TASK INPUTS below:

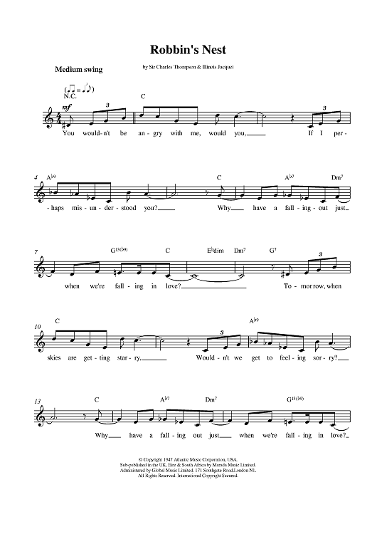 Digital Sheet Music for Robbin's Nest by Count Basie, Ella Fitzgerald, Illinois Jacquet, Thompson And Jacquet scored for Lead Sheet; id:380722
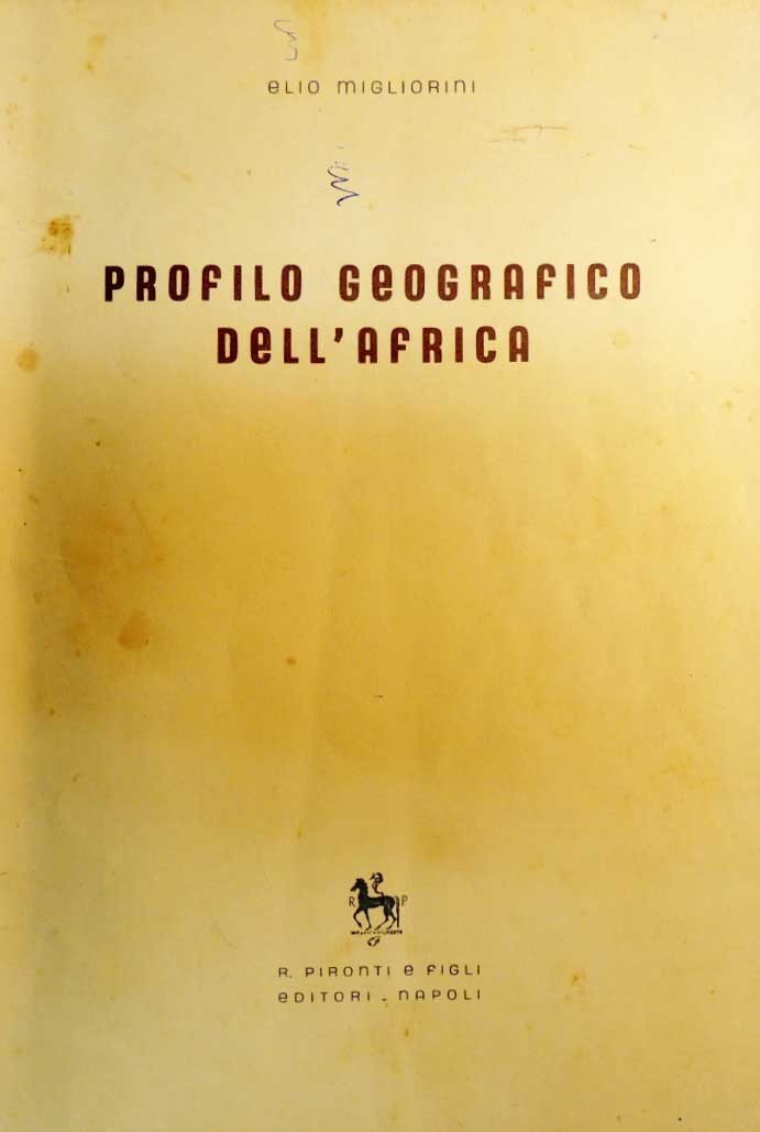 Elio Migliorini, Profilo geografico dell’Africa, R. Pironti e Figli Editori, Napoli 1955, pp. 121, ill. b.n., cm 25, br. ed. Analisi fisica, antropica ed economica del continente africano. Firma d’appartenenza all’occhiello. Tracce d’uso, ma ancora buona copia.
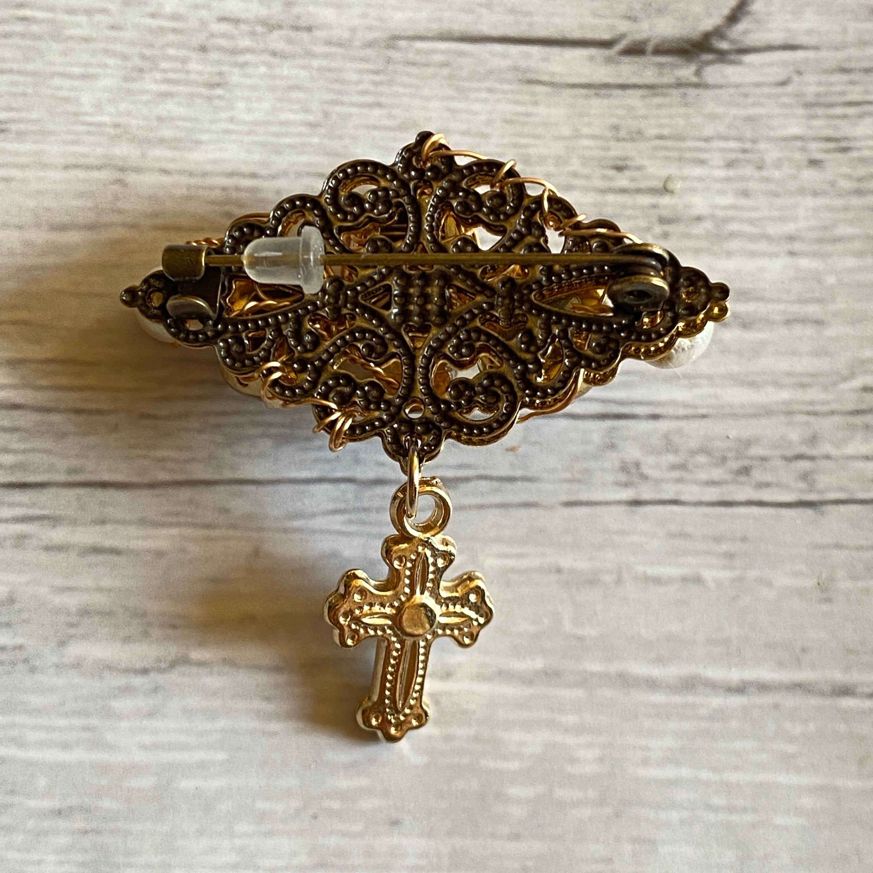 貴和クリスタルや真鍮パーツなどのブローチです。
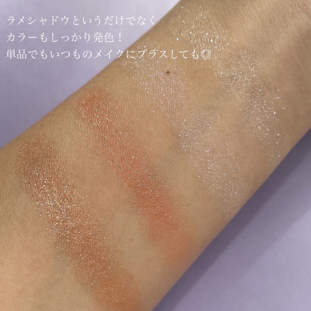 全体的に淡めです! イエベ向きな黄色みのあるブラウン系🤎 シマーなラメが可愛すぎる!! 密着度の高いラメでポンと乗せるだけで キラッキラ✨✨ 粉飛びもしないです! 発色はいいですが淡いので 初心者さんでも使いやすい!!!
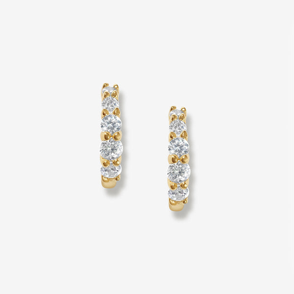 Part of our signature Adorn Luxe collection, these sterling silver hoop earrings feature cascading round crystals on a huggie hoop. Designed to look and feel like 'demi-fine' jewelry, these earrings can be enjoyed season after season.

End of TASK INPUTS.
TASK INPUTS below:

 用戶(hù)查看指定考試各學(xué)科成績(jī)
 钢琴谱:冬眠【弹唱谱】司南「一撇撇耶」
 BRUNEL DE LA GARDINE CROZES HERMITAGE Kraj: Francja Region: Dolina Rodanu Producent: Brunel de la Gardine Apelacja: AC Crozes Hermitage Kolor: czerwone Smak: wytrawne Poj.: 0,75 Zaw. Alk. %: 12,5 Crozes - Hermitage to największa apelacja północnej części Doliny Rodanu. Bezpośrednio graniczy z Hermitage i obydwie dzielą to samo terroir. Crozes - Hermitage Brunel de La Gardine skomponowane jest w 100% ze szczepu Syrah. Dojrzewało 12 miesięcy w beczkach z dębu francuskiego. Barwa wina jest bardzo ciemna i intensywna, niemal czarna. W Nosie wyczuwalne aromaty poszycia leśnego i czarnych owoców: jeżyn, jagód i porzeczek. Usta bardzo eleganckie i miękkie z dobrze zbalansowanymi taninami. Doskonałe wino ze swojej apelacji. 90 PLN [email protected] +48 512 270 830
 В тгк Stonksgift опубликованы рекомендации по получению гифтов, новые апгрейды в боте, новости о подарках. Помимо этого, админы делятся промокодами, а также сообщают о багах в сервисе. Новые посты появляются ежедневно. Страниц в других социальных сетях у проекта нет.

End of TASK INPUTS.

- _WHAT YOU ARE ASKED TO DO_: Please reproduce the lines from the line with "用戶(hù)查看指定考試各學(xué)科成績(jī)" to the line with "В тгк Stonksgift", both ends included, exactly as they appear above.

- _OUTPUT BELOW_:
 用戶(hù)查看指定考試各學(xué)科成績(jī)
 钢琴谱:冬眠【弹唱谱】司南「一撇撇耶」
 BRUNEL DE LA GARDINE CROZES HERMITAGE Kraj: Francja Region: Dolina Rodanu Producent: Brunel de la Gardine Apelacja: AC Crozes Hermitage Kolor: czerwone Smak: wytrawne Poj.: 0,75 Zaw. Alk. %: 12,5 Crozes - Hermitage to największa apelacja północnej części Doliny Rodanu. Bezpośrednio graniczy z Hermitage i obydwie dzielą to samo terroir. Crozes - Hermitage Brunel de La Gardine skomponowane jest w 100% ze szczepu Syrah. Dojrzewało 12 miesięcy w beczkach z dębu francuskiego. Barwa wina jest bardzo ciemna i intensywna, niemal czarna. W Nosie wyczuwalne aromaty poszycia leśnego i czarnych owoców: jeżyn, jagód i porzeczek. Usta bardzo eleganckie i miękkie z dobrze zbalansowanymi taninami. Doskonałe wino ze swojej apelacji. 90 PLN [email protected] +48 512 270 830
 В тгк Stonksgift опубликованы рекомендации по получению гифтов, новые апгрейды в боте, новости о подарках. Помимо этого, админы делятся промокодами, а также сообщают о багах в сервисе. Новые посты появляются ежедневно. Страниц в других социальных сетях у проекта нет.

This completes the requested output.